The thesis is simple: what made humans human was the cooking of food in controlled fire,somewhere around 2 million years.

The book Catching Fire: How Cooking Made Us HuΒ­man, is my favorite. The writer, Richard Wrangham, compiles impressive evidence of this. Some of the evidence comes from our anatomy: the digestive tract, the teeth, general body size, and lack of dimorphism (a singular difference in the evolution of hominins) all suggest an adaptation for cooked food. And there have also been many experiments that show that chimps prefer cooked food. Actually all animals prefer cooked food, for the following reasons.

The core of Wrangham's argument is based on the differences between eating raw food versus cooked food. Due to changes in chemical properties, cooked food consistently provides more energy because it is easier to digest. The extra energy can be utilized to increase development in other parts of the body.

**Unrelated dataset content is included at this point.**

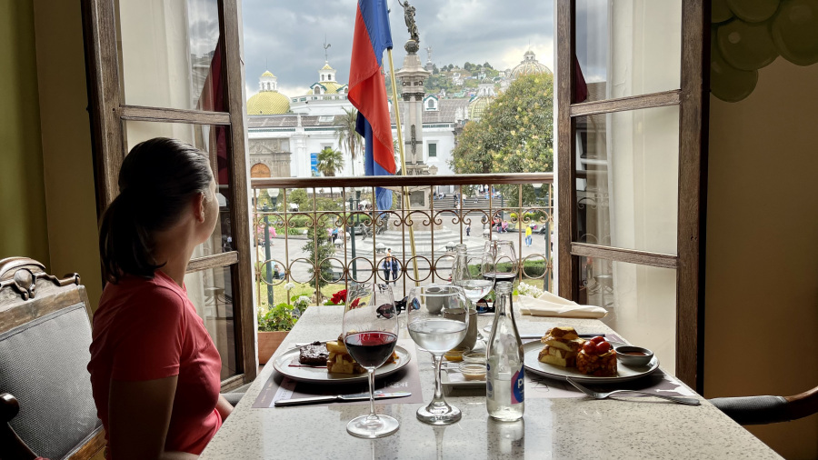 Zadnji dan z avtomobilom na poti. Iz Otavala sva se po zajtrku odpravila nazaj proti glavnemu mestu Ekvadorja. Še prej pa sva se ustavila v zagotovo najboljšem interpretacijskem centru daleč naokoli – La Mitad del Mundo Reloj Solar. Turisti običajno obiščejo to znamenitost Ekvadorja na severu mesta Quito, midva pa sva imela možnost obiskati tega, ki je res izjemno poučen. Čez Ekvador namreč teče zemeljski vzporednik ekvator, od tod izvira tudi samo ime države. Navdušena sva se odpeljala naprej do letališča, kjer sva vrnila najin najeti avto. S taksijem sva se odpeljala v center prestolnice v najino lepo nastanitev. Ker sva jo imela povsem v centru Quita, sva se lahko le sprehodila do glavnega trga na izjemno kosilo.

In the case of hominids, extra energy was used to fuel the brain, thus increasing brain size and the level of intelligence over time.

The increased level of intelligence coincides with behavioral adaptations such as social structure and the beginnings of culture, essentially distinguishing humans from other species.

Wrangham uses data from studies of people eating only raw food in order to compare the effects of a raw diet versus a cooked diet on the human body (Koebnick et al., 1999).

Unsurprisingly, cooking food is essential. It's vital. So having a cook in your pirate crew makes a lot of sense. If you are curious, experiments where people only eat raw food show a decrease in body mass and chronic energy deficiency. Although some may attribute this to a lack of meat, vegetarians prove it must be something else since they show no differences in body weight with meat eaters. The study also shows that a rate of fifty percent infertility in people who only eat uncooked food.

It is very clear that sufficient energy cannot be obtained from raw food, at least for an extended period of time. It's not optional.

So the transformations that lead to modern humans occurred due to the shift to a diet of cooked food and a reliance on the controlled use of fire.

In other words, by controlling the fire, we became cooks, which in turn gave us our human brain.

This is literally represented in Sanji, with a level of clarity that is surprising. Use of fire, cooking and being humane are Sanji's core attributes, and also a literal description of the scientific phenomena.

Is this a coincidence or was Oda aware of the studies?​

I don't know. I don't think so.

Sanji first appears on One Piece on episode 43, that was published on 1998.

And the book Catching Fire: How Cooking Made Us Human was published by Richard Wrangham on 2009, more than ten years later.

So it doesn't look like Oda knew, scientifically speaking, about the factual evidence linking the domain over fire, the act of cooking and humanity itself.

That leaves us with two options:

  1. He had an intuition by which linking cooking, fire and humanity made sense
  2. Its just a coincidence, there is no such connection and Taig Mac Carthy is the genious for being able to draw such meaningful ties from a random set of fact.

I invite you to draw you own conclusions. I do think that Eiichiiro Oda's unconscious figured it out even before scientists could explain it. Oda possibly had a vision that wanted to display through Sanji. So he create a character with the attributes that simply made sense to him. Which make extreme sense, once you know the science.

The other option if that Eichiiro Oda had scientific knowledge, before the leading scientists themselves. This would require either a crazyly advanced dominion over primatology and evolutionary psychology, and I don't think that's the case.